## The data

»»

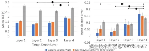 - 错误率低:在近距离层(1-3米),错误率显著低于RayCursor;但远距离层(4米)稍高,因注视估计精度下降。
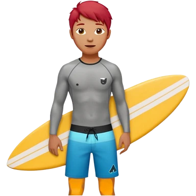 red haired asian surfer with surfboard emoji
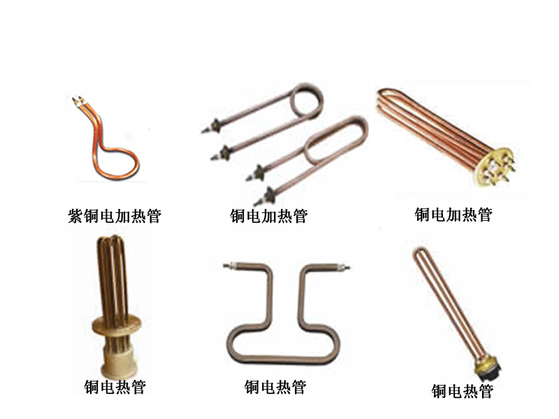 二.銅電熱管的性能: 銅電熱管是在金屬管中放入電熱元件,并在空隙部分緊密填充有良好耐熱性、導(dǎo)熱性和絕緣性的結(jié)晶氧化鎂粉,在經(jīng)其它工藝處理而成。它具有結(jié)構(gòu)簡單,機械強度高、熱效率高、可靠、安裝簡便、使用壽命長等特點。廣泛適用于各種硝石槽、水槽、油槽、酸堿槽、易熔金屬熔化爐、空氣加熱爐、干燥爐、干燥箱、熱壓模等裝置。

««

Print out the whole listing word for word. Leave the pictures out.

 - 错误率低:在近距离层(1-3米),错误率显著低于RayCursor;但远距离层(4米)稍高,因注视估计精度下降。
 red haired asian surfer with surfboard emoji
 二.銅電熱管的性能: 銅電熱管是在金屬管中放入電熱元件,并在空隙部分緊密填充有良好耐熱性、導(dǎo)熱性和絕緣性的結(jié)晶氧化鎂粉,在經(jīng)其它工藝處理而成。它具有結(jié)構(gòu)簡單,機械強度高、熱效率高、可靠、安裝簡便、使用壽命長等特點。廣泛適用于各種硝石槽、水槽、油槽、酸堿槽、易熔金屬熔化爐、空氣加熱爐、干燥爐、干燥箱、熱壓模等裝置。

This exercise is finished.